The effect of Pyr3 on proliferation was measured by detection of BrDU incorporation and PCNA expression in human coronary smooth muscle and microvascular endothelium, which displays significantly smaller expression levels of TRPC as compared to smooth muscle. Pyr3 inhibited smooth muscle proliferation with an IC50 of about 3 µM but lacked detectable effects on endothelial proliferation. Measurements of ATP-induced Ca2+ signals revealed that Pyr3 suppressed agonist-induced Ca2+ entry more effectively in vascular smooth muscle as compared to endothelial cells.
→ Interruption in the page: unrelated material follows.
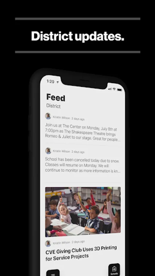 In the Live Feed is where you'll find updates from the administration about what's going on in the district right now. Whether that's celebrating a student's success, or reminding you about an upcoming deadline.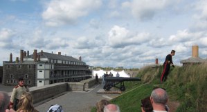 Citadel for the firing of the noon cannon.  For over 200 years the cannon has been fired daily (except on Christmas) to signify noon to all Halidonians.  Once done I saw a 15 minute video on the history of the fort and then watched a 45 minute presentation called the Tides of History covering all of Halifax’s maritime history.  Samuel Cunard, in fact was born here, and was the one who replaced sail with steam establishing Cunard Lines of which Queen Mary 2 is the latest ship.  I figured I really could not tour the fort because of “cruise-time” again (not that you have seen one, you have seen them all), but I am pretty familiar with fort history, so I walked outside the gate and the “hop-on hop-off” bus was just leaving but stopped for me as I called out, “one more please.” Timing!

Inhibitory effects of Pyr3 on stent implantation-induced arterial injury were tested using a novel in vitro model of in-stent hyperplasia in human arteries based on organ-typical culture of human aortic constructs. Pyr3 (10 µM) effectively prevented increases in tissue levels of proliferation markers (PCNA and Ki67) at 2 weeks after stent implantation into human aortae. Similarly, proliferation markers were significantly suppressed when implanting a Pyr3-releasing stent prototype as compared to a bare metal stent control.

Conclusions

Our results suggest TRPC3 as a potential target for pharmacological control of smooth muscle proliferation. Selective inhibition of TRPC Ca2+ entry channels in vascular smooth muscle is suggested as a promising strategy for in-stent restenosis prevention.